How to complete this task: In the records that follow, find the line with "国家林业局代表、中国林产工业"; from there, retype every line exactly through the line with "Bernard, May 2013", which also belongs to the answer.

Extracted information:
*** Block opens ***

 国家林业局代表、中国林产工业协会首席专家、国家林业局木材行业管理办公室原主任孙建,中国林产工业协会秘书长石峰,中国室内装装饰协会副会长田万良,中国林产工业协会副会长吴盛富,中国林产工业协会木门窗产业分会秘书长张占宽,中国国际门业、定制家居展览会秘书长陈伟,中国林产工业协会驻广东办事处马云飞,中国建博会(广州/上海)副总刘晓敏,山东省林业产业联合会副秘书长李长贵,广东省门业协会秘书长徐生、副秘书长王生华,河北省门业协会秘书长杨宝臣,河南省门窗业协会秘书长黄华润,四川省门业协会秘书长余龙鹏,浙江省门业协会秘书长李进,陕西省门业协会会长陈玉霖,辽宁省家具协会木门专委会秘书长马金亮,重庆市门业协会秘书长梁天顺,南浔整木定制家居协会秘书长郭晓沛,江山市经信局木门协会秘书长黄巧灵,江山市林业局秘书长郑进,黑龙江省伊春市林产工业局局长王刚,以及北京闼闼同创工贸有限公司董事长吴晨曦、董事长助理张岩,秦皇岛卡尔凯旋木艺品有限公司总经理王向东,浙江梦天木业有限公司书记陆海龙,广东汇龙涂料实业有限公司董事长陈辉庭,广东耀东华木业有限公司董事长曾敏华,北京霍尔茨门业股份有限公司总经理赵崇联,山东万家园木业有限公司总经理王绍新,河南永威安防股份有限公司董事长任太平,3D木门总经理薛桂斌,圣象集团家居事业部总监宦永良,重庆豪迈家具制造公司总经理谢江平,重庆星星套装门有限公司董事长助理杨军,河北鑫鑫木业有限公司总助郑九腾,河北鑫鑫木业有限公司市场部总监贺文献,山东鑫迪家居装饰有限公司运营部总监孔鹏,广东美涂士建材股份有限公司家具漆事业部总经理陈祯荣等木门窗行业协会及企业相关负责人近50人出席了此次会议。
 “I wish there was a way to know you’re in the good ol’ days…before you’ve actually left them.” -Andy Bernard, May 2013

*** Block closes ***
*** Block opens ***

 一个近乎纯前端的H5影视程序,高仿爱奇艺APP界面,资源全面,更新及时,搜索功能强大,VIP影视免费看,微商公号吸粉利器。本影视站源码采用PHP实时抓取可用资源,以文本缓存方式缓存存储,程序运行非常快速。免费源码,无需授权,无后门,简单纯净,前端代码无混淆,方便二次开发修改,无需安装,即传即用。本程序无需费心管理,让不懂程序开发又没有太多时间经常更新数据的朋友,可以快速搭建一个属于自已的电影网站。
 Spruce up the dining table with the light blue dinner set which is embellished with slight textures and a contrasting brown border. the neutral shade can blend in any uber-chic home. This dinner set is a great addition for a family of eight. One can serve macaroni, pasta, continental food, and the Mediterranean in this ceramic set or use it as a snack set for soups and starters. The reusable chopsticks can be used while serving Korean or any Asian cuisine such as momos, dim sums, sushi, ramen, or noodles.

*** Block closes ***
*** Block opens ***

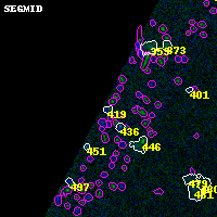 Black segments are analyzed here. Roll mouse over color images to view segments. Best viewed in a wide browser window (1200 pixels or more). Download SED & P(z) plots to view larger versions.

*** Block closes ***

Result of the task:
 国家林业局代表、中国林产工业协会首席专家、国家林业局木材行业管理办公室原主任孙建,中国林产工业协会秘书长石峰,中国室内装装饰协会副会长田万良,中国林产工业协会副会长吴盛富,中国林产工业协会木门窗产业分会秘书长张占宽,中国国际门业、定制家居展览会秘书长陈伟,中国林产工业协会驻广东办事处马云飞,中国建博会(广州/上海)副总刘晓敏,山东省林业产业联合会副秘书长李长贵,广东省门业协会秘书长徐生、副秘书长王生华,河北省门业协会秘书长杨宝臣,河南省门窗业协会秘书长黄华润,四川省门业协会秘书长余龙鹏,浙江省门业协会秘书长李进,陕西省门业协会会长陈玉霖,辽宁省家具协会木门专委会秘书长马金亮,重庆市门业协会秘书长梁天顺,南浔整木定制家居协会秘书长郭晓沛,江山市经信局木门协会秘书长黄巧灵,江山市林业局秘书长郑进,黑龙江省伊春市林产工业局局长王刚,以及北京闼闼同创工贸有限公司董事长吴晨曦、董事长助理张岩,秦皇岛卡尔凯旋木艺品有限公司总经理王向东,浙江梦天木业有限公司书记陆海龙,广东汇龙涂料实业有限公司董事长陈辉庭,广东耀东华木业有限公司董事长曾敏华,北京霍尔茨门业股份有限公司总经理赵崇联,山东万家园木业有限公司总经理王绍新,河南永威安防股份有限公司董事长任太平,3D木门总经理薛桂斌,圣象集团家居事业部总监宦永良,重庆豪迈家具制造公司总经理谢江平,重庆星星套装门有限公司董事长助理杨军,河北鑫鑫木业有限公司总助郑九腾,河北鑫鑫木业有限公司市场部总监贺文献,山东鑫迪家居装饰有限公司运营部总监孔鹏,广东美涂士建材股份有限公司家具漆事业部总经理陈祯荣等木门窗行业协会及企业相关负责人近50人出席了此次会议。
 “I wish there was a way to know you’re in the good ol’ days…before you’ve actually left them.” -Andy Bernard, May 2013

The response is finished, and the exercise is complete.